L’agriculture n’échappera pas non plus à l’utilisation des LLM. Elles représentent même une opportunité pour dessiner une agriculture capable d’assurer l’ensemble des besoins alimentaires et extra alimentaire en respectant l’environnement. Nous allons passer d’une agriculture intensive en intrants (engrais chimiques, pesticides) à une agriculture intensive en connaissances. Le chantier est énorme et les géants du digital l’ont déjà compris. C’est la raison pour laquelle Google a créé Minéral sa filiale agricole. La firme de Mountain View affiche d’emblée la couleur : « Minéral développe de nouveaux outils pour aider l’humanité à nourrir le monde tout en sauvant la planète. Et nous laissons la nature nous montrer comment procéder ». Ils ont simplement compris que l’agriculture et l’alimentation seront des enjeux stratégiques pour l’équilibre mondial. C’est la raison pour laquelle nous ne devons pas passer à côté des opportunités offertes par les LLM. L’IA générative va par exemple permettre à des applications de reconnaitre toutes sortes de plantes par une simple photo à n’importe quel stade de sa vie, de la plantule à la feuille, à la fleur ou à la graine. Il sera possible d’avoir une évaluation du risque que cette plante fait prendre à la culture dans laquelle elle pousse et comment s’en débarrasser si c’est nécessaire. Seule une énorme quantité de données agrégées sur une même plateforme est capable de fournir de telles indications. Prenons un autre exemple, celui des espèces comestibles négligées, Minéral a l’ambition grâce à ses algorithmes d’accélérer les processus de sélections de ces plantes pour permettre leurs cultures, notamment en stabilisant les rendements mais aussi en travaillant les solutions nécessaires à leurs cultures et leur utilisation dans l’alimentation. Construire de tels modèles est coûteux, difficile et ne peut être réalisé que par un tiers capable de mettre en place un système ouvert.

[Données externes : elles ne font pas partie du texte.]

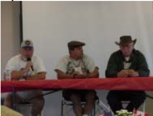
Experts Panel #2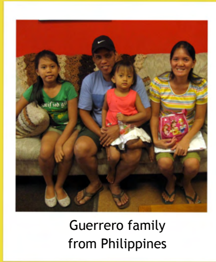
Guerrero family from Philippines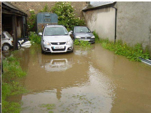
Photos of flooding in Chathill on 28 June 2012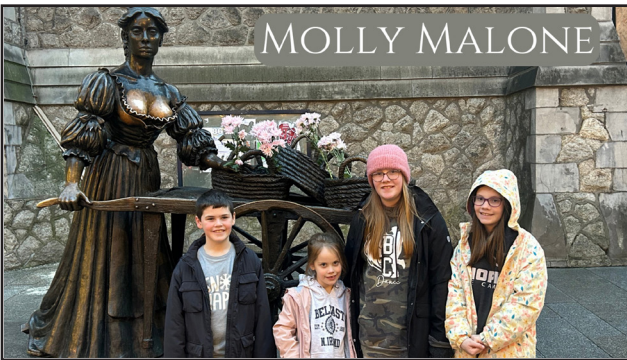
Ireland's most famous fishmonger with Colin's kiddos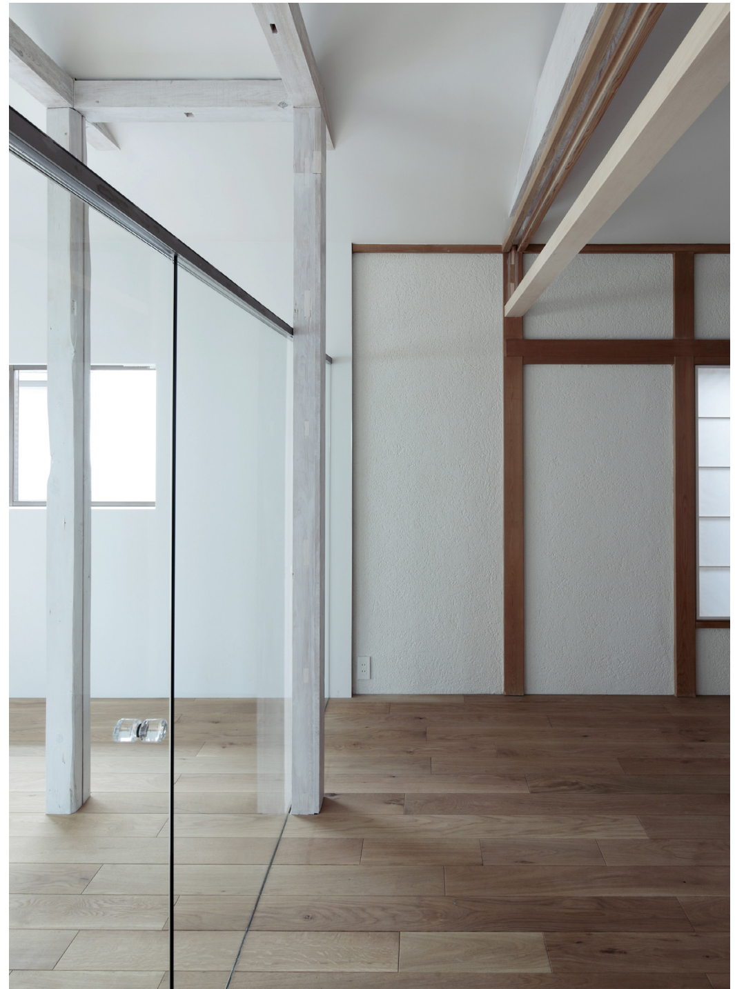
Makoto Yamaguchi Design Inc.

Une question se pose, ou en sommes-nous en France et en Europe. En 2023 l’INRAE[1] en collaboration avec un consortium de chercheurs européens a publié une étude très riche sur le thème : « Une agriculture européenne sans pesticides est-elle possible en 2050 ? »[2]. Cette étude, très intéressante, pose bien les bases des différents scénarios mais ne nous met pas en ordre de marche pour y parvenir. C’est tout le contraire de Google avec Minéral et là, une question se pose : doit-on construire notre propre plateforme ou s’associer à Google ? J’avoue que je suis partagé sur la réponse : pour aller vite, il me semble que s’appuyer sur les outils que propose Google (ou d’autres, Microsoft par exemple qui développe FBN[3] et tient actuellement le lead en matière d’IA conversationnelle grâce à son investissement dans Open IA) nous fera gagner du temps … et pourtant disposer d’une plateforme française et européenne ne doit pas être écarté, elle devrait garantir plus facilement notre indépendance technologique. Se doter de LLM français et européen est une question qui dépasse l’agriculture, c’est à n’en pas douter une question de souveraineté à bien des niveaux : pour la sécurité de nos données, mais aussi pour se doter d’outils d’apprentissages automatiques construits sur les fondements de notre culture. La plupart pour ne pas dire la quasi-intégralité des LLM sont pensés et construit en anglais et ce n’est pas aussi anodin qu’on peut l’imaginer.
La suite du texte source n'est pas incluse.